Aufgrund des geringeren Arbeitsaufkommens hat etwa die Hälfte der Befragten freiwillig Überstunden abgebaut. Angesichts von 65 Mio. Überstunden, die angestellte Ärztinnen und Ärzte pro Jahr leisten (MB-Monitor 2019) leisten, war für viele der Befragten die zurückliegende Zeit auch Gelegenheit, einmal pünktlich nach Hause zu kommen. Auch die Urlaubsplanung blieb von der Corona-Krise nicht verschont. Knapp 30 % der Befragten geben an, dass ihr Arbeitgeber sie aufgefordert habe, ihren Urlaub zu nehmen; 70 % verneinen dies. Ein kleinerer Teil der Mitglieder (14,5 %) musste sogar bereits gewährten Urlaub verschieben.

[!] „Ich bin seit 12 Jahren berufstätig. Zum ersten Mal in meinem beruflichen Leben gehe ich regelmäßig pünktlich nach Hause und kann das tägliche Arbeitspensum sogar mit Mittagspause überwiegend vollständig bewältigen.“

Eine Ärztin im Kommentar zur Umfrage

[?] Wie beurteilen Sie aus Ihrer beruflichen Perspektive die aktuelle Lage? Sind Sie zuversichtlich oder weniger zuversichtlich, wenn Sie auf die nächsten Monate blicken?

(Die häufigsten Antworten)

Maßnahmen sind übertrieben“

Ich befürchte eine zweite Welle“

Zu knappe Kinderbetreuung“

Schutzausrüstung geht zur Neige“

Zuversichtlich, solange sich die Leute an die Auflagen halten“

Behandlung von COVID-19 ist sehr zeitaufwändig“

Die finanzielle Situation meines Krankenhauses macht mir Sorgen“

Lockerungen sind riskant“

Die Pandemie wird uns noch lange beschäftigen“

Regelversorgung aufnehmen – „mit Augenmaß“

Entsprechend eindeutig fällt die Antwort auf die Frage aus, ob jetzt wieder mit der Regelversorgung (z.B. elektive Eingriffe, Rehabilitation) begonnen werden sollte. Mehr als zwei Drittel der angestellten Ärztinnen und Ärzte (69,5 %) möchten, dass die Regelversorgung wieder aufgenommen wird; 16,3 % sind dagegen und 14,2 % haben sich dazu noch keine Meinung gebildet.

Ich denke, man sollte langsam den Klinikbetrieb hochfahren, aber nicht auf volle Leistung, damit bei einer möglichen 2. Infektionswelle das System nicht überlastet wird“, heißt es in einem Kommentar zur Umfrage. Andere MB-Mitglieder weisen darauf hin, dass viele Patienten in den vergangenen Wochen nicht operiert werden konnten und jetzt auf ihren Termin warteten. Mehrheitlich sind die Ärztinnen und Ärzte aber der Auffassung, dass nicht zu viel auf einmal passieren sollte.
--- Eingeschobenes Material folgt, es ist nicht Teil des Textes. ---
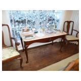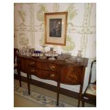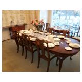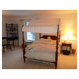 SALE HIGHLIGHTS: Henkel-Harris Furniture including a dining table with three leaves and eight chairs, serpentine front sideboard, John Hancock drop front secretary, Queen Anne coffee table with pull-out sides, pair of drop leaf side tables, pedestal side table, four poster queen bed, two side chests, two-drawer side table, dresser with mirror and double canopy bed.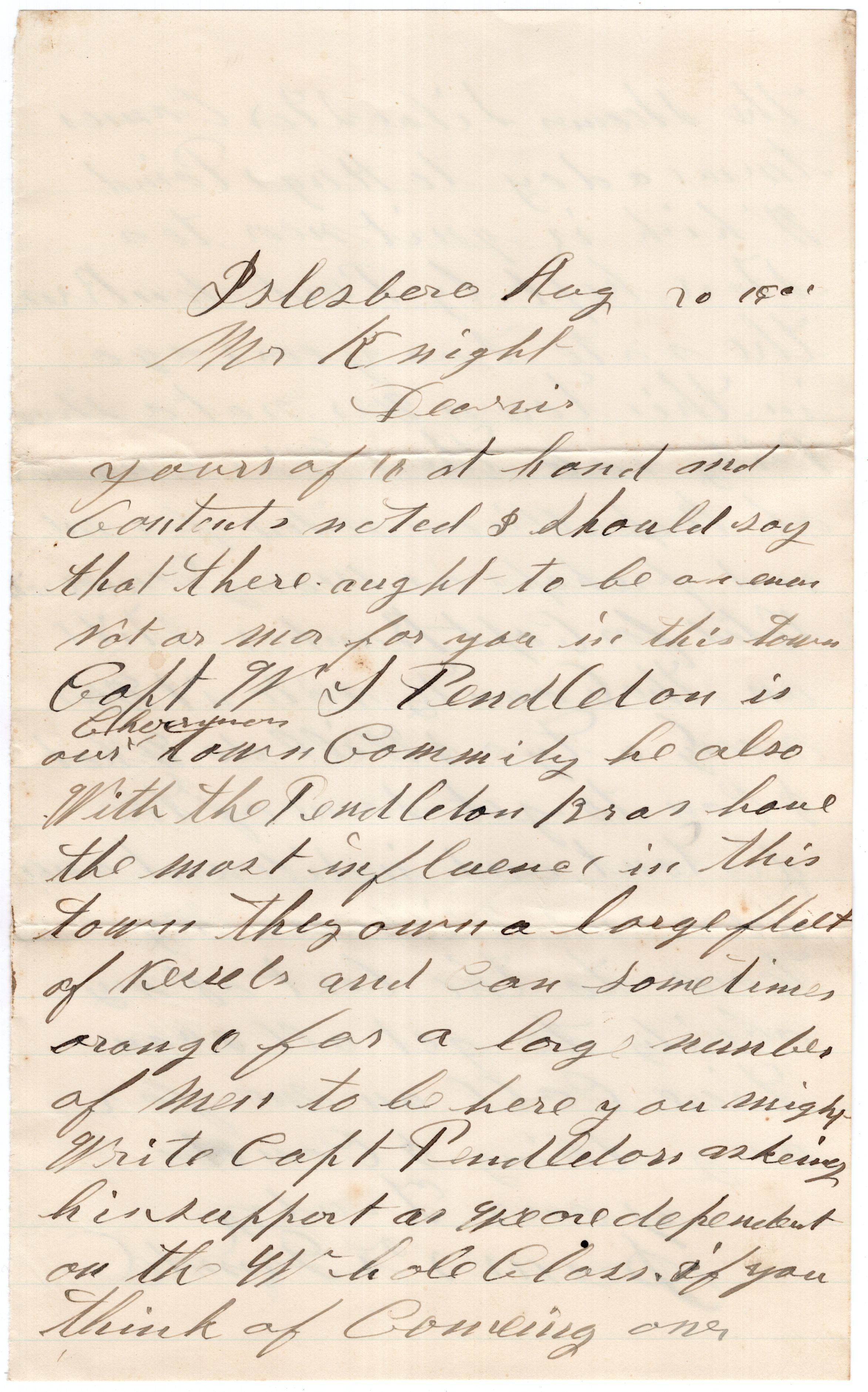 Knight Collection - 1901 Letter; Dated August 20; Written by James Grinnell on Islesboro to Arno KnightRelationships

[!] „Wir sollten mit Augenmaß die reguläre Patientenversorgung wieder aufnehmen.“

Ein Klinikarzt.

Geteilte Meinungen zur möglichen Überforderung des Gesundheitswesens

Eine Mehrzahl (44,2 %) befürchtet, dass es im weiteren Verlauf der Coronavirus-Pandemie zu einer Überforderung des Gesundheitswesens kommen könnte; 41,5 % sehen diese Befürchtung nicht. Hier scheinen die Erfahrungen aus den vergangenen Wochen eine wichtige Rolle zu spielen. Je nach eigenem Erleben wird die Gefahr einer größeren Ausbreitung und höherer Erkrankungszahlen durch das neue Coronavirus anders beurteilt.

MB-Barometer zur Corona-Krise, 29. April bis 10. Mai 2020, insgesamt 8.707 Teilnehmer (Mitglieder des Marburger Bundes).